Biden was speaking to reporters during a stop at an ice cream shop in Oregon as he campaigned for Tina Kotek, who is running for governor of Oregon.

"I think the testimony and the video are actually devastating and I've been going out of my way not to comment," Biden said.

Biden says he would not comment further on the work of the Jan. 6 committee because he did not want to be perceived as influencing the attorney general, which he said he was not doing.

Some of the video footage came from the family of U.S. House of Representatives Speaker Nancy Pelosi who were at the Capitol that day. One of the clips showed the California Democrat in a call with Republican Vice President Mike Pence.

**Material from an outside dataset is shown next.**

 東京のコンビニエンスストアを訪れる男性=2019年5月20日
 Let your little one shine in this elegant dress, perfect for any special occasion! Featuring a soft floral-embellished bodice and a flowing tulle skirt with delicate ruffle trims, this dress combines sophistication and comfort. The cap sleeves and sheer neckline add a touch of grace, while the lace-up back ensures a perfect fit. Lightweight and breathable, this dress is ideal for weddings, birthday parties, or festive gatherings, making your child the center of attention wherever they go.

"When I spoke to him, I said, 'I'm so afraid for you to be in the Capitol still,'" Pelosi said on Saturday during remarks at a San Francisco community farming event.

Pence responded that the Secret Service thought more attention would be drawn if he and his entourage left the Capitol, Pelosi said. "Lord knows what might have happened if that entourage went out there," she added.

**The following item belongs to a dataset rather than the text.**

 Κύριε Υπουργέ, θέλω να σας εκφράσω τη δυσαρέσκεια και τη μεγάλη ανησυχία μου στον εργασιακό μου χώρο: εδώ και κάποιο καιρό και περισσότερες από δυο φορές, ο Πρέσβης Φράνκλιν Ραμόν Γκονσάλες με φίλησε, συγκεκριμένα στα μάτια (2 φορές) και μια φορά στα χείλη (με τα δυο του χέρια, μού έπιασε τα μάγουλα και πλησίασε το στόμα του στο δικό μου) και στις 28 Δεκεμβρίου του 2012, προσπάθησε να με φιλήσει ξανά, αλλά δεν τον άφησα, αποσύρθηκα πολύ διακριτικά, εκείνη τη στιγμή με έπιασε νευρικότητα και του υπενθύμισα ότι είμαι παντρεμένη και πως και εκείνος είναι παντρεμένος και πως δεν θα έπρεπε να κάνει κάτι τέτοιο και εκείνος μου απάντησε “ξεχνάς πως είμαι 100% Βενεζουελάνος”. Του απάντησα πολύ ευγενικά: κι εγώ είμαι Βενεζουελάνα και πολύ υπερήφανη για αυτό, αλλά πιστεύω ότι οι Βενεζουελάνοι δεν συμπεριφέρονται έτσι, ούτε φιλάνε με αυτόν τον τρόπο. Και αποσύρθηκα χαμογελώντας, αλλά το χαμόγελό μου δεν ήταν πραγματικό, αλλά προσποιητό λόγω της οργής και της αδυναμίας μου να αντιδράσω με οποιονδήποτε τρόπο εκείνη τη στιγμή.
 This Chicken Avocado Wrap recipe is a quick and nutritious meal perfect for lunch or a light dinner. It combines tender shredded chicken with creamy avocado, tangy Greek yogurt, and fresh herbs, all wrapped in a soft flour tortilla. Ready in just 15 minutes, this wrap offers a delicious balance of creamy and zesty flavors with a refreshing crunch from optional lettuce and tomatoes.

The House committee probing the Jan. 6, 2021, attack by Donald Trump's supporters voted unanimously on Thursday to subpoena the former president, a move that could lead to criminal charges if he does not comply.

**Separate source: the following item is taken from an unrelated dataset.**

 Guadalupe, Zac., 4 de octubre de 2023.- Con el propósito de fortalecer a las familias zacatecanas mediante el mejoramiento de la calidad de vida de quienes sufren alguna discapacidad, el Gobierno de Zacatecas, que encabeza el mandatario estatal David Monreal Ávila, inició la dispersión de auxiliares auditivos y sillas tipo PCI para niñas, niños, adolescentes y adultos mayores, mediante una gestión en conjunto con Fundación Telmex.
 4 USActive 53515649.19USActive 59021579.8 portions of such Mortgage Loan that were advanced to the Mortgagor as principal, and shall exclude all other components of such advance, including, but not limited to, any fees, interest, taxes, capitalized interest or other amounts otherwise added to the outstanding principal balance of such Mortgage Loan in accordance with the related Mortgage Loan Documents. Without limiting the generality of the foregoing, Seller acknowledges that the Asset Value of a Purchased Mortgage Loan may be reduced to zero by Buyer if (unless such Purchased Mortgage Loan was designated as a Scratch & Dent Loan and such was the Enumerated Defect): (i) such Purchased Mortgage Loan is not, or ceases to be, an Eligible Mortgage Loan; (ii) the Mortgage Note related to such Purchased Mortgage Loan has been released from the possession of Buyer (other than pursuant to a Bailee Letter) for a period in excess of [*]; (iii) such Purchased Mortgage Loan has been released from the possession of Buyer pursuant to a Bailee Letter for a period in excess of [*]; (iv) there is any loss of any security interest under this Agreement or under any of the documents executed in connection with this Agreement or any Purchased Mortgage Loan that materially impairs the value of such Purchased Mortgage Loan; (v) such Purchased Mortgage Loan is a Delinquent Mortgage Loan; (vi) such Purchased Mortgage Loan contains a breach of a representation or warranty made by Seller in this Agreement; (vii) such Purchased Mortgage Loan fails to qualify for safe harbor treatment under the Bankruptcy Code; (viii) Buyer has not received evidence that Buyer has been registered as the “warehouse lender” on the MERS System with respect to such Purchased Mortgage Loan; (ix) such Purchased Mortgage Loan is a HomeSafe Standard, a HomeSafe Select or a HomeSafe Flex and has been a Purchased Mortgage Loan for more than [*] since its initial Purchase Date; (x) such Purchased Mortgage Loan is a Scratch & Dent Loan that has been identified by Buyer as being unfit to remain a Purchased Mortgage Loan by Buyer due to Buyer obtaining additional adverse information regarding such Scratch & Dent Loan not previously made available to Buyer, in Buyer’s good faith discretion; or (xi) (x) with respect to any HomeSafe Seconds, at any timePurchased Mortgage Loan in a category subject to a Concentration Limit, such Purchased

The hearing followed eight others earlier this year and one in July 2021. There were no live witnesses on Thursday, but the panel presented videotaped testimony to build a case that Trump's efforts to overturn his November 2020 presidential election defeat constituted illegal conduct far beyond normal politics.

The committee's vote on Thursday may have been its last public action before the Nov. 8 congressional elections that will determine whether Biden's Democrats continue to control the House and Senate.